The environmental record of the former Stalinist empire is a fascinating example of how causes sometimes become what they were created to fight.

Eastern European communism has its roots in opposition to the lusts, madness, militarism and relentless urge for "development" at any price of unregulated 19th century capitalism. Tragically, once they had seized power (inevitably by force), the communists focused on becoming grotesque dopplegangers of what they opposed. They replicated the relentless urge to develop at any price, did so spectacularly badly, and therefore collapsed -- leaving a bitter legacy of environmental degradation in their wake.

Small wonder then that a thoughtful European conservative like Connie Hedegaard, blessed to live in a gentle social democracy like Denmark, would condemn this and play up the "conserve" part of her philosophy's name.

But if she would like another look at a human environmental event that can be seen from space, she should point her copy of Google Earth at Canada -- and specifically, at our principal energy development projects. She will see, no doubt to her horror, what ethic our so-called "conservative" Canadian governments, at both the federal and provincial levels, bring to development.

Indeed it seems likely, as things stand now, that Canada's principal objective at Ms. Hedegaard's meeting in Copenhagen will be to directly contradict her -- in an attempt to protect our own reckless lunge for development at any price.

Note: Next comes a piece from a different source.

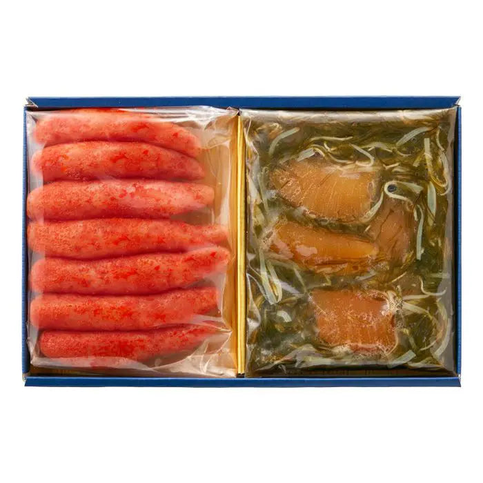 ぴりっとした辛さに、味わい深さを楽しめる博多の味「辛子明太子」と、食感の良い数の子・国産の昆布・風味のあるいかを特製醤油だれに漬込んだ「数の子松前」の詰合せです。

Ms. Hedegaard has apparently been traveling the world trying to build a workable consensus leading up to the Copenhagen negotiations. Perhaps she could spare a day for her "conservative" colleagues in Canada. She could talk to them about the fundamentals of the philosophy they supposedly share with her -- so grossly repudiated in the development they have initiated and continue to sponsor in Canada's energy fields.

Since there is some hope that Canada's national Parliament might spare a bit of time for the issues before our country this fall, perhaps the majority in our Parliament could have a timely word with our government on this topic, too.